# 1-22 [Johnny's First Fish on the Fly]



## ThaFish (Feb 27, 2013)

Hit the river again today for about an hour after class before it got dark. Johnny joined me with the fly rod with the hopes of catching his first fish on the fly. The mission was a success! I came up empty-handed, but Johnny managed a fat 21'' pickerel!

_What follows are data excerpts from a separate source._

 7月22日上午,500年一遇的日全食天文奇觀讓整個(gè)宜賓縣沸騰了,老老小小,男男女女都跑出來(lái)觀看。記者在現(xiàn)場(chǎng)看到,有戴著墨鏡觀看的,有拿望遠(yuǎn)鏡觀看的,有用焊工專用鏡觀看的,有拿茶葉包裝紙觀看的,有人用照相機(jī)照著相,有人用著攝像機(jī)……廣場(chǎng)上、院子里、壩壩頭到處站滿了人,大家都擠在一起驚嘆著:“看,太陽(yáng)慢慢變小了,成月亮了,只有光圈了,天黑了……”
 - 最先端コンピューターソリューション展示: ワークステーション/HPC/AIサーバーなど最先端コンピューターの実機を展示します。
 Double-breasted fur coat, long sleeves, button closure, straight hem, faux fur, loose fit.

Weather looked like it was going to turn on us at any minute, but it stayed decent until we got back to the launch. 

*Tally for the day:* 

*Johnny:* 21'' pickerel (personal record!)
*Me:* Happy to help Johnny get his first fish on the fly

Tight lines everyone.


----------



## sureicanfish (Sep 30, 2007)

Good eats!


----------



## jack2 (Mar 19, 2010)

what size rod was he using?
if he had a light rod, i'll bet he enjoyed the hell out of the fight.
those jack fish really put up a fight.

jack


----------



## ThaFish (Feb 27, 2013)

jack2 said:


> what size rod was he using?
> if he had a light rod, i'll bet he enjoyed the hell out of the fight.
> those jack fish really put up a fight.
> 
> jack


He was using a 9WT. We were throwing big clousers. From where I was sitting it looked like he had a great time with it, even on the heavier rod! They really do fight pretty well, I'm gonna start targeting them on the fly more often.


----------



## wtbfishin (Dec 2, 2011)

this is pretty cool, had no idea about these fish and seems I'm not alone on that. 

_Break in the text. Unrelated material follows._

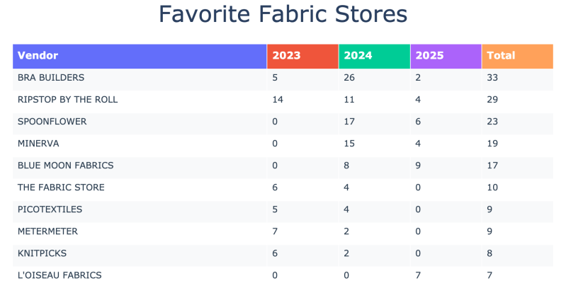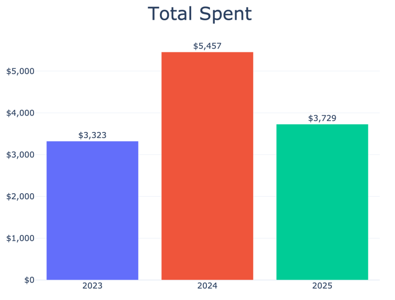 Even with fewer projects, my spending landed slightly above 2023 levels. In 2024, buying the Sailrite LSZ sewing machine pushed my costs way up, so this year looks calmer by comparison.
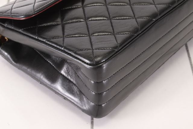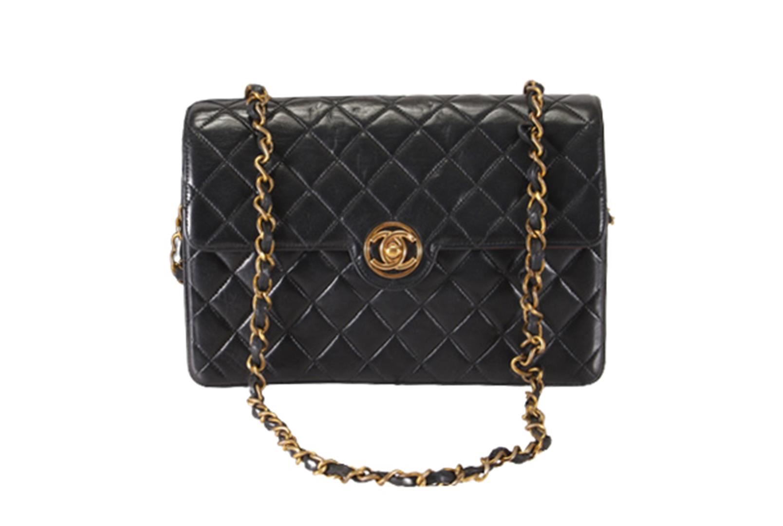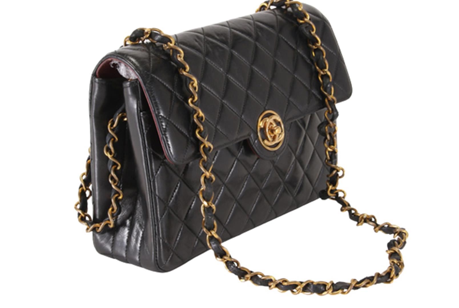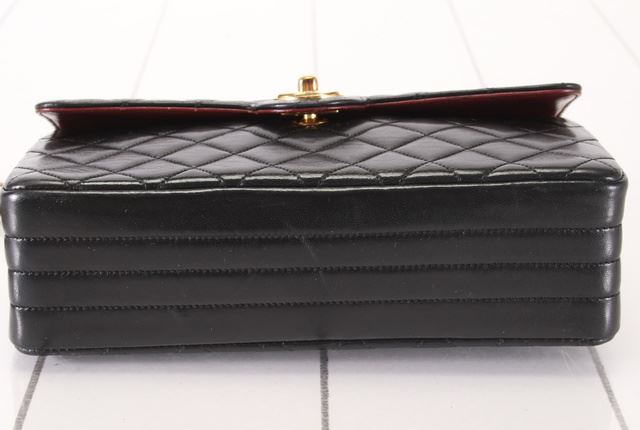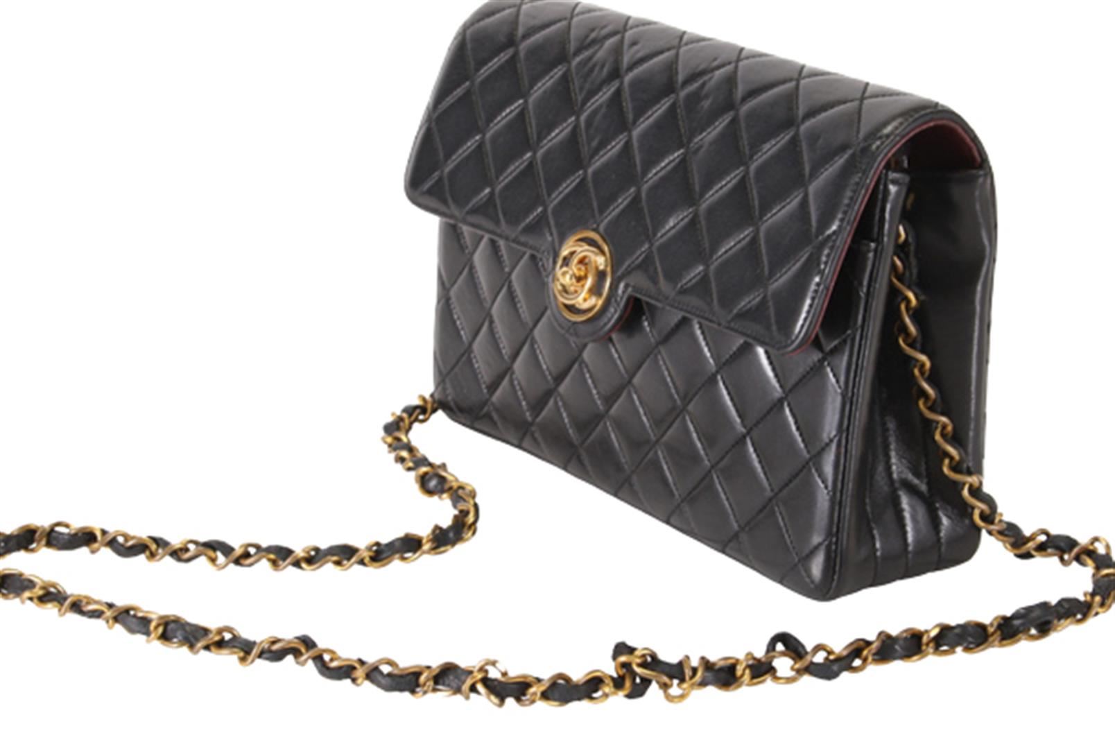 One Chanel Black Quilted Lambskin Leather CC Turn-lock Small Flap Shoulder Bag. Item is sold AS-IS. All available information is listed in the description and shown in the photo. Black quilted Lambskin leather Chanel CC Circle Turn-lock Flap small shoulder bag with gold-tone hardware, front flap with circle CC turn-lock closure at front, woven leather and chain-link shoulder strap, red leather lining and three pockets inside; 2 slip and 1 zip. Length: 8.4" (21 cm) Height: 5.25" (13 cm) Depth: 2.5" (6 cm) Strap Drop: 19.5" (49 cm)

State record is 8 lbs. taken a long time back now. 

Did they jump, article I read said their big jumpers !

What kind of tippet did U have on the leader? Sounds like they have some BA teeth and can cut U off easy? Looks like good fun to me!!


----------



## ThaFish (Feb 27, 2013)

wtbfishin said:


> this is pretty cool, had no idea about these fish and seems I'm not alone on that.
> 
> State record is 8 lbs. taken a long time back now.
> 
> ...


Yessir, they jump a lot when hooked! Pretty awesome seeing them fly out of the water with their gills flared trying to spit the fly! For my tippet/leader I use 5' of 60 lb. Hi-Seas Quattro & then 2' of 30 lb. Sufix Superior. 30 lb. generally does the trick with no breakoffs, although you do have to replace it sometimes after catching one of these toothy critters. Oh & the reasoning for the 5' of heavy 60 lb. is because a while back a forum member, can't remember his name, mentioned in a thread that having a length of really heavy mono really aids in carrying big flies farther distances. He was definitely right, as I now always have a length of that 60 lb. tied on when I'm throwing big, heavy clousers!


----------



## wtbfishin (Dec 2, 2011)

Thanks! I regularly have a butt of 40lb in the salt, I'll have to see what some 60 will do if I can tie a knot w/it, I remember that post too :yes:


----------



## flyfisherman2 (Feb 4, 2015)

Congrats!


----------



## stc1993 (Nov 23, 2014)

I've caught a lot of jack in a creek where I live. I always used an open face reel w/ steel leader. I always used live shiners for bait. I never did keep them to eat. They are aggressive & fun to catch. My best was probably 5-6 lbs.


----------